The transition from doing well in school to making a difference in the world outside of academics requires a shift in mindset, according to Dalio. 

"For most people, you go to school, they tell you what class to go to, what classes to take. This goes on all the way through university.  'Do this, do this, do this…' and then you go into the class and they say, 'Learn this,' and, 'This is the information,' and it's a largely memory-based and instructional-based process," Dalio told the Academy of Achievement.

But wildly successful people who "shape" the world outside of school have "a strong, strong desire to understand and make sense of reality," he said. "So they're all very independent-thinking and, and rebellious. They don't mind saying, 'Screw you. This is what makes sense and I've got to go down that path.'"

They also thrive in uncertainty.

"They're comfortable with ambiguity. They love ambiguity. Some people don't like ambiguity. Most people, they say, 'I'm nervous about ambiguity.' They love to go in the space of what's ambiguous, because that's where the discovery is."

Dalio also reminds grads that "failure is part of a learning process."

"What's the risk of failure? What, you'll be embarrassed? ... How do you distinguish failure from learning? ... If it's part of a  'You're failing and then you learn,' then that learning is part of the moving forward. So that is what the process is like. Fail, learn, move forward," Dalio told the Academy of Achievement.

TWEET

While achieving extreme success in the professional world requires different skills than achieving success in a classroom, according to Dalio, that is not to say that an education is not important. 

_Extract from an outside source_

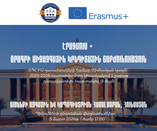 Հարգելի՛ դասախոսներ, տեղեկացնում ենք, որ «Էրազմուս+» միջազգային կրեդիտային շարժունության գործողության շրջանակում Երևանի պետական համալսարանի և Աթենքի ազգային և կապոդիստրիան համալսարանի միջև կնքված պայմանագրով նախատեսվում են շարժունություններ դասախոսների համար (հիմնական կազմ)՝ 2025-2026 ուստարվա 2-րդ կիսամյակում 1 շաբաթ դասավանդելու նպատակով (8 ժամ):

Broadly speaking, more educational achievement is associated with making more money and lower levels of unemployment, according to federal government data. Those with a doctorate degree had an unemployment rate of 1.1% as of September, according to the Bureau of Labor Statistics, and a median weekly earnings of $1,883. Those who have not graduated from high school had an unemployment rate of 5.4% as of September and a median weekly earnings of $592, according to the Bureau of Labor Statistics. 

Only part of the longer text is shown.